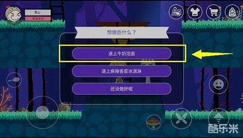 1.在锯齿森林里把牛奶泡面给刀叉,它会吃掉左边荆棘,打开通向洞穴的道路。
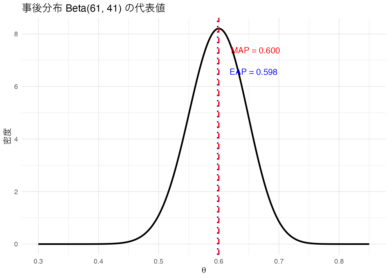 - MAP推定とEAP推定: 事後分布の最頻値と期待値。それぞれ異なる代表値を与える
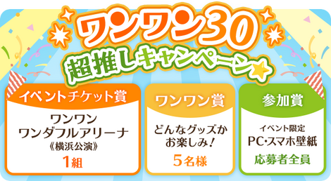 ワンワン30★超推しキャンペーン☆「ワンワン ワンダフルアリーナ」チケットなど当たるチャンス!【イベント】
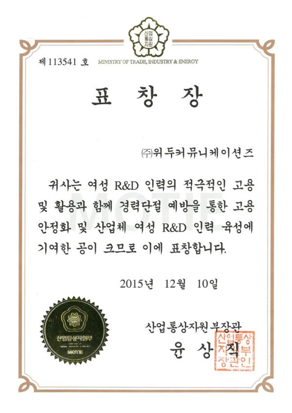 산업통상자원부 표창장 페이지 정보 작성자 WeDu 댓글 0건 조회 4,964회 작성일 19-05-30 19:34 본문 2015-12-10 표창장 제 113541호 여성 R&D 인력 고용 산업통상자원부장관 윤상직 List Previous서울클러스터 어워드 우수상 19.05.30 Next감사장 제 143호 19.05.30
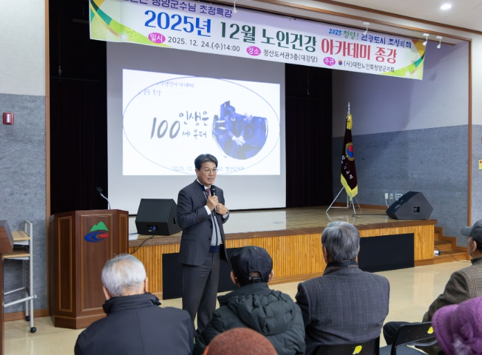 | ▲ ‘노인건강아카데미 종강식’에서 김돈곤 청양군수가 ‘인생을 100세부터’라는 주제로 특강을 진행하고 있다. |
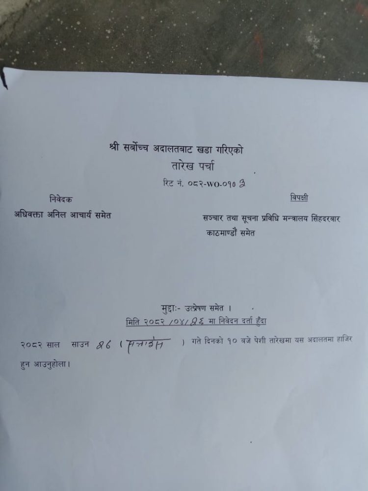 अधिवक्ता अनिल आचार्य, ‘कानून खबर’ का प्रधान सम्पादक सुमन कुमार लुइटेल, र ‘बिड मिडिया’ का अध्यक्ष बिकल गिरीले संयुक्त रूपमा दायर गरेको रिटमा २०८२ साउन १४ गते राजपत्रमा प्रकाशित ‘नेपाल ऐन संशोधन गर्न बनेको ऐन, २०८२’ मार्फत छापाखाना तथा प्रकाशन सम्बन्धी ऐन, २०४८ मा थपिएको दफा ७(ख) खारेज गर्न माग गरिएको छ ।
━━━━━━━━━━━━━━━━
Work request. Print the lines from the one holding "산업통상자원부 표창장 페이지" through the last line of the records, word for word, and omit the pictures.

Written solution.
 산업통상자원부 표창장 페이지 정보 작성자 WeDu 댓글 0건 조회 4,964회 작성일 19-05-30 19:34 본문 2015-12-10 표창장 제 113541호 여성 R&D 인력 고용 산업통상자원부장관 윤상직 List Previous서울클러스터 어워드 우수상 19.05.30 Next감사장 제 143호 19.05.30
 | ▲ ‘노인건강아카데미 종강식’에서 김돈곤 청양군수가 ‘인생을 100세부터’라는 주제로 특강을 진행하고 있다. |
 अधिवक्ता अनिल आचार्य, ‘कानून खबर’ का प्रधान सम्पादक सुमन कुमार लुइटेल, र ‘बिड मिडिया’ का अध्यक्ष बिकल गिरीले संयुक्त रूपमा दायर गरेको रिटमा २०८२ साउन १४ गते राजपत्रमा प्रकाशित ‘नेपाल ऐन संशोधन गर्न बनेको ऐन, २०८२’ मार्फत छापाखाना तथा प्रकाशन सम्बन्धी ऐन, २०४८ मा थपिएको दफा ७(ख) खारेज गर्न माग गरिएको छ ।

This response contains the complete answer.